As soon as I knew we would be in a place where we could receive a new injector I ordered one. Nothing is readily available in the Bahamas and least of all in the Exumas. The Exumas are a sparsely populated chain of Cays and Islets. There aren’t any traditional stores here and when you find a store, they usually have everything from laundry soap to engine parts and the stock they have on hand is very limited. So I ordered one from Florida. Problem is the company I ordered it from has a lazy and forgetful order desk. How do I know this, I’ve been in their shop many times. In fact they did most of the engine work on Saltair 3 back in Fort Lauderdale.
Why keep using them? Because they are the only ones. I was told it would take a few days for the part to arrive, then it would be a few more days before it would ship as the shipping company they use to ship to the Bahamas only flies once a week.
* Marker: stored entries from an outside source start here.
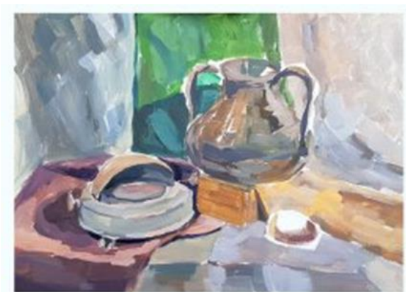
Рис. 2. 3. Третій етап виконання натюрморту: тональна проробка предметів
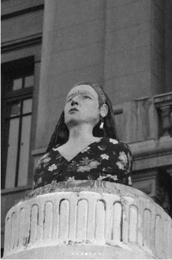
Figure 15. Monumento a Pedro Lemebel. Casa Central Universidad Católica. Santiago de Chile.
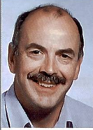
Martin Leuzinger Sektion VFS, Bern Impuls
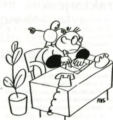
Tudi vi danjste lri, saj menda ni modra?
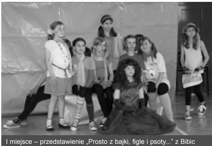
I miejsce – przedstawienie „Prosto z bajki, figle i psoty...” z Bibic
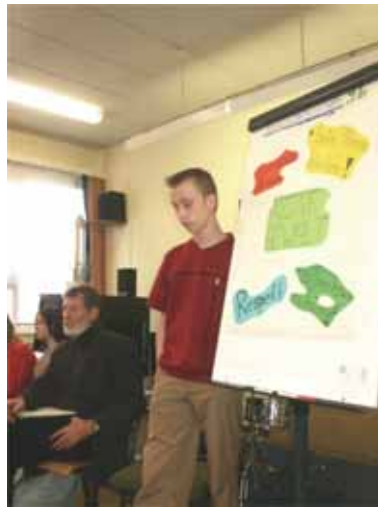
Präsentation der Klassenergebnisse eines Schülers.

Dabei wurde folgender Konsens erarbeitet:
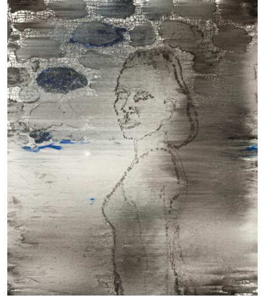
PORTRÉT III / 2022 akryl/plátno, 120 x 100 cm

I expected it to arrive in about 10 days and when it didn't of course a follow up call had to be made.
He had forgotten to order it. Long story short, I've placed an alternative order with a shop in Nassau. They have to order it from Atlanta but it was back ordered but they said it should be here any day now… or whenever… who knows really…
So here we sit, waiting.
We’ve been hit with a near constant barrage of storms too. Last night’s being the latest.
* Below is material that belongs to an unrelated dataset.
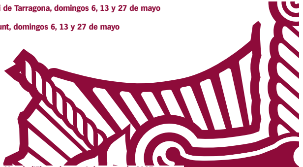
La Veu de l'Ebre, viernes 4 de mayo de 2007
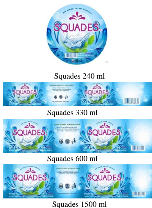
Gambar 1. Label Squades

Berikut merupakan hasil rebranding dari desain label produk Squades :

It’s hard to get much done while the boat in the wind and waves, bounces and swings around like an amusement park ride.
The rain is unavoidable when working in the engine rooms.
When we finally get all this stuff done and a safe weather window appears, we plan on setting off South again. We will leave the Bahamas arriving at the Turks and Caicos Islands. Then if the weather window continues we will too and it will be a big push for the Dominican Republic.
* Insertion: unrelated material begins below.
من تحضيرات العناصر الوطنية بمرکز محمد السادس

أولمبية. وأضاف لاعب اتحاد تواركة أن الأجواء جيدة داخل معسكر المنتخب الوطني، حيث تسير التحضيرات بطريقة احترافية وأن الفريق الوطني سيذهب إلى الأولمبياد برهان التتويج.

A 350 mile journey at just 5 miles an hour it will be awhile before we make landfall. This part of the adventure takes us along what is knows as the "Thorny Path,” a track to the Windward and Leeward Islands of the Caribbean that takes you on a constant course into the prevailing winds and seas. This can make getting to our destination of the Dominican Republic a long, rough, and uncomfortable, but generally safe journey, but it will be a night time passage.
I say this with a little doom and gloom because no one has ever talked about this part of the journey with smiles on their faces. It is a daunting part of the trip. If it turns out to be wonderful you can bet I will talk highly of the pasage.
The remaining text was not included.